■ TASK TO COMPLETE:
Would you please give the entries again word for word, with no images in your copy?

■ LISTED ENTRIES:
——————————

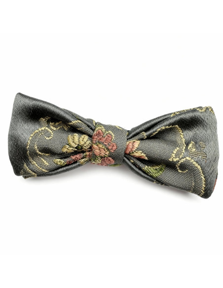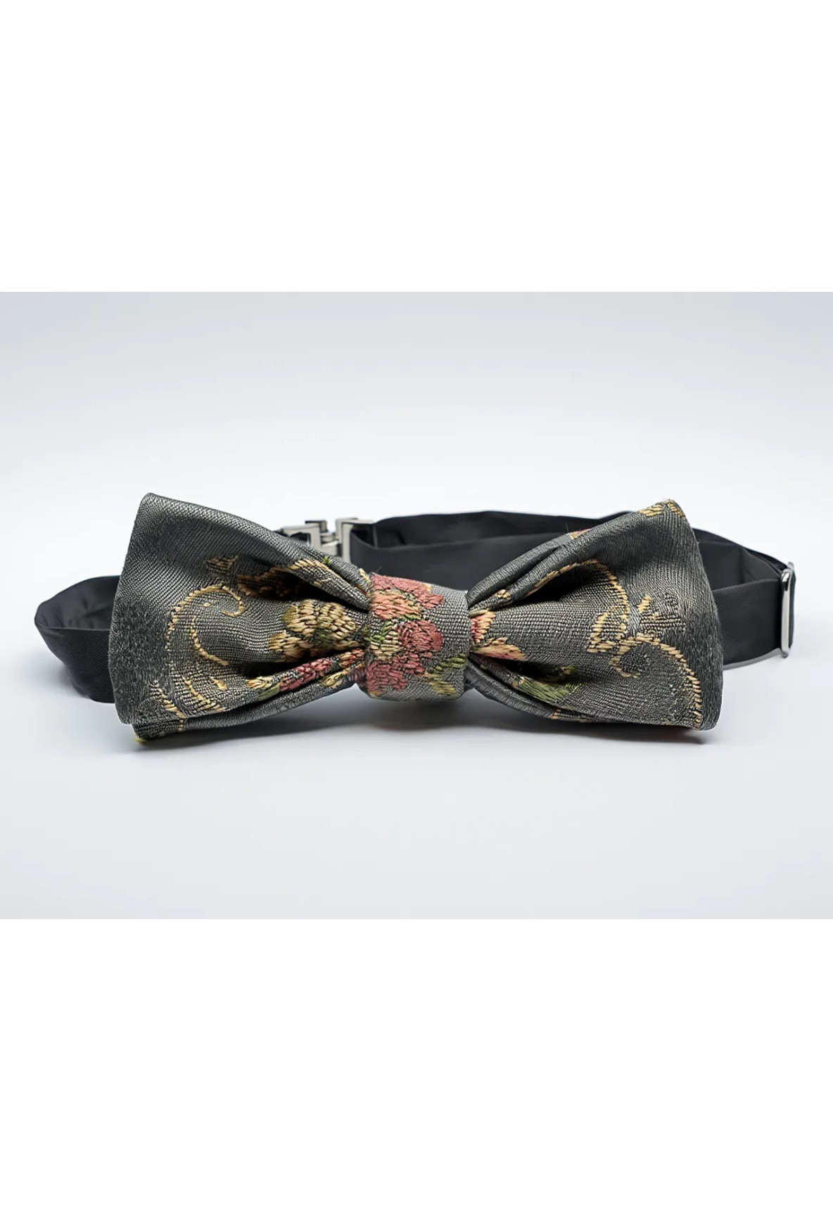 Muszka SILVER FLOWERS BOW TIE to elegancki i uniwersalny dodatek stworzony zarówno dla kobiet, jak i mężczyzn. Srebrna żakardowa tkanina subtelnie połyskuje, a kwiaty w odcieniach beżu i brzoskwini nadają jej wyjątkowego uroku. Muszka idealnie sprawdzi się na wszelkiego rodzaju uroczystościach - ślubach, weselach, imprezach okolicznościowych czy eleganckich przyjęciach. Doskonale komponuje się z klasyczną białą koszulą, a w zestawie z kurtką Silver Flowers tworzy spójną, stylową całość. Dla odważniejszych świetnie urozmaici również nowoczesne stylizacje z obuwiem sportowym, na przykład białymi adidasami.
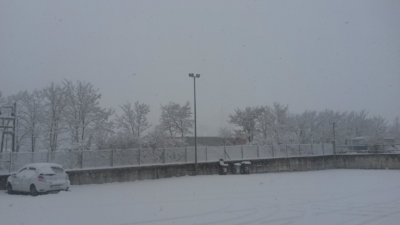 Ora nevica debolmente, a tratti, ma a tratti riprende fittamente, con temperatura lievemente negativa.
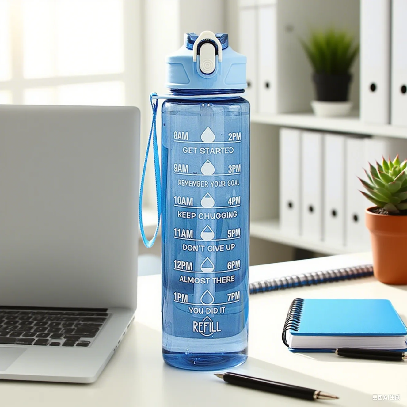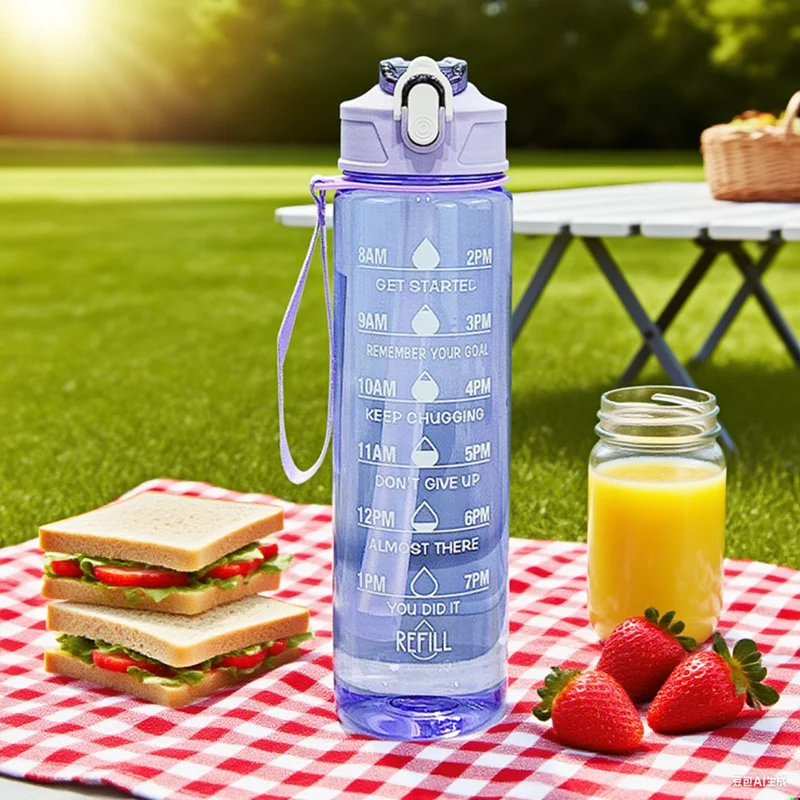 Botella de agua deportiva de gran capacidad, vaso de plástico a prueba de fugas con escala de tiempo, adecuado para viajes, Fitness, deportes, 750ml, 1 ud.
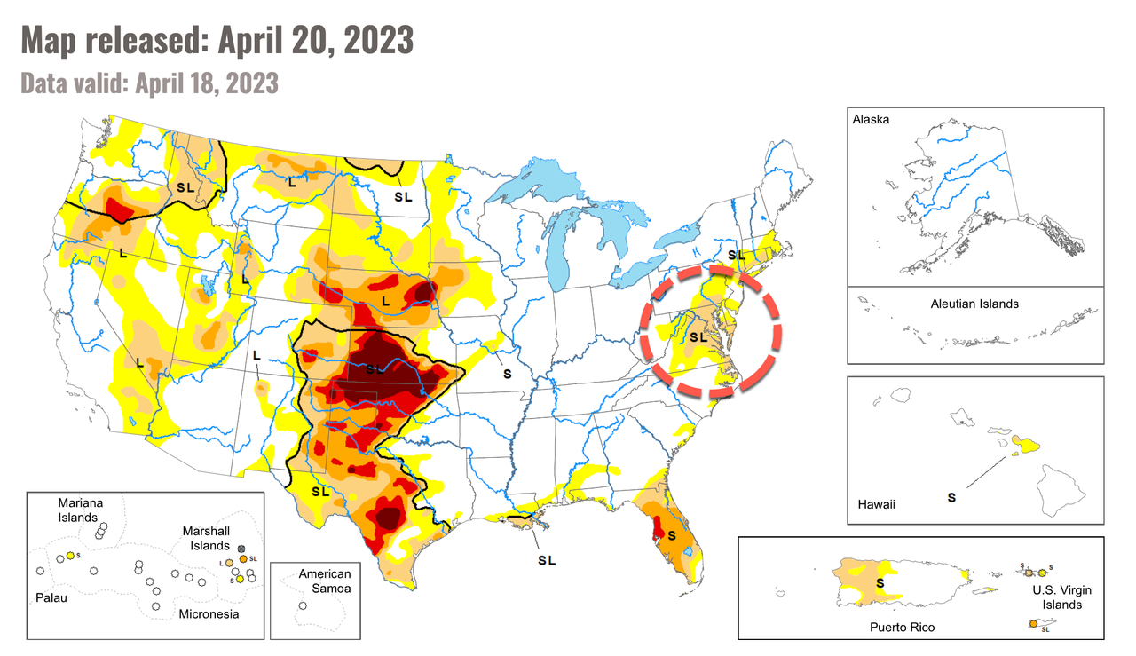 Rain is welcomed for the mid-Alantic area, where a moderate drought has developed.
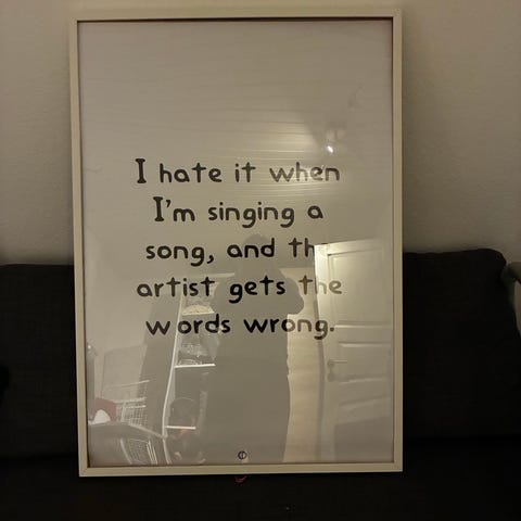 Queen - billede af Freddie og tekst Bohemian Rhapsody i IKEA lomviken ramme 70x100.
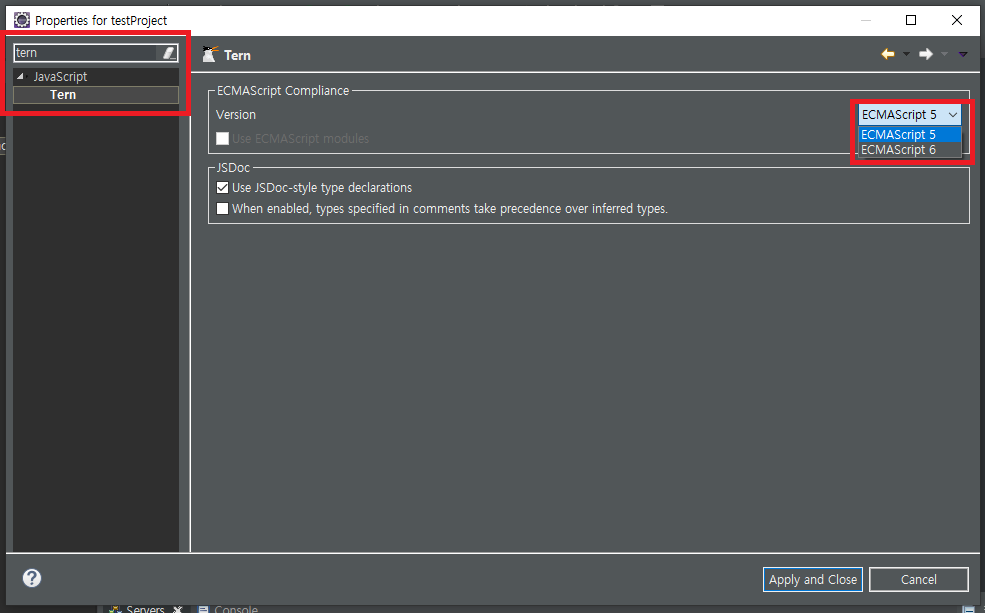 ECMAScript6를 사용하길 원하다면 프로젝트 Properties에서 설정 가능하다.

——————————

■ REPLY TO THE TASK:
 Muszka SILVER FLOWERS BOW TIE to elegancki i uniwersalny dodatek stworzony zarówno dla kobiet, jak i mężczyzn. Srebrna żakardowa tkanina subtelnie połyskuje, a kwiaty w odcieniach beżu i brzoskwini nadają jej wyjątkowego uroku. Muszka idealnie sprawdzi się na wszelkiego rodzaju uroczystościach - ślubach, weselach, imprezach okolicznościowych czy eleganckich przyjęciach. Doskonale komponuje się z klasyczną białą koszulą, a w zestawie z kurtką Silver Flowers tworzy spójną, stylową całość. Dla odważniejszych świetnie urozmaici również nowoczesne stylizacje z obuwiem sportowym, na przykład białymi adidasami.
 Ora nevica debolmente, a tratti, ma a tratti riprende fittamente, con temperatura lievemente negativa.
 Botella de agua deportiva de gran capacidad, vaso de plástico a prueba de fugas con escala de tiempo, adecuado para viajes, Fitness, deportes, 750ml, 1 ud.
 Rain is welcomed for the mid-Alantic area, where a moderate drought has developed.
 Queen - billede af Freddie og tekst Bohemian Rhapsody i IKEA lomviken ramme 70x100.
 ECMAScript6를 사용하길 원하다면 프로젝트 Properties에서 설정 가능하다.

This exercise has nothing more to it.